# OpenRath: Session-Centered Runtime State for Agent Systems

> OpenRath introduces Session as a first-class runtime value for multi-agent systems, making state branchable, inspectable, and replayable.

- **Source:** [arXiv](https://arxiv.org/abs/2606.19409)
- **Published:** 2026-06-24
- **Permalink:** https://picx.dev/p/m23mUu
- **Whiteboard:** https://picx.dev/p/m23mUu/image

## Summary

## Summary (Overview)

- **Key contribution**: OpenRath introduces **Session** as a first-class runtime value for multi-agent systems, analogous to a tensor in PyTorch but for agent runtime state. The Session is branchable, inspectable, replayable, backend-aware, and composable, addressing the hidden-runtime-state problem where conversation chunks, tool effects, memory events, workspace placement, branch provenance, and replay evidence are fragmented across side channels.
- **Programming model**: A compact vocabulary of objects — Session, Sandbox, Tool, Agent, Memory, Workflow, and Selector — all follow the same `Session → Session` contract, making composition, forking, merging, handoff, and replay ordinary program operations rather than reconstructed states.
- **Backend-aware boundaries**: OpenRath separates runtime state from execution backends (local, OpenSandbox, MCP) and memory backends, so tool evidence, sandbox placement, and memory interactions become explicit session events.
- **Audit-first release**: The report maps all claims to evidence packets (lineage export, local sandbox, workflow transcript, focused tests, visual QA, claim ledger) and explicitly scopes broader benchmark, memory-quality, and live-provider claims to follow-on evaluation.

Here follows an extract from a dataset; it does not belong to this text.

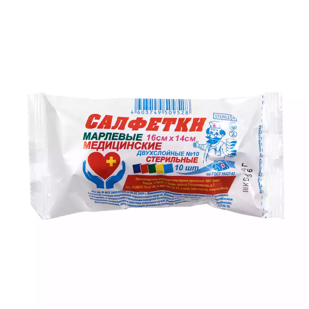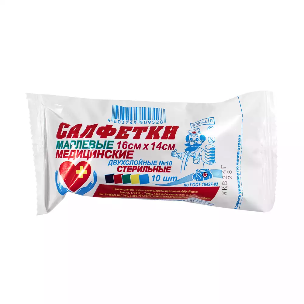 Салфетка марлевая №10, 2-х слойная, размер 16*14см Лейко, плотность 28г/м2, стерильная, Лейко (РОССИЯ)

## Introduction and Theoretical Foundation

### Problem Statement
Modern agent systems suffer from fragmented runtime state. A long agent run — planning, forking branches, calling tools, editing files in sandboxes, recalling memory, compressing context — produces a correct final answer but leaves auditors unable to answer simple questions: *Which branch produced the result? Which tool modified which file? Which memory item was recalled? What evidence was removed during compression?* The state is scattered across controller code, tool logs, memory stores, workspace state, and provider traces.

### Central Claim
The paper’s central thesis is that **agent systems benefit from a first-class runtime state**, and OpenRath proposes **Session** as that state. The design is inspired by PyTorch’s architectural pattern (not its tensor mathematics): a central flowing value, reusable transformations with a uniform `forward` interface, explicit placement (`tensor.to(device)` → `session.to(backend)`), and persistent state (parameters → Memory). The analogy is architectural: agent runtimes need a stable flowing value, not that agent systems are neural networks.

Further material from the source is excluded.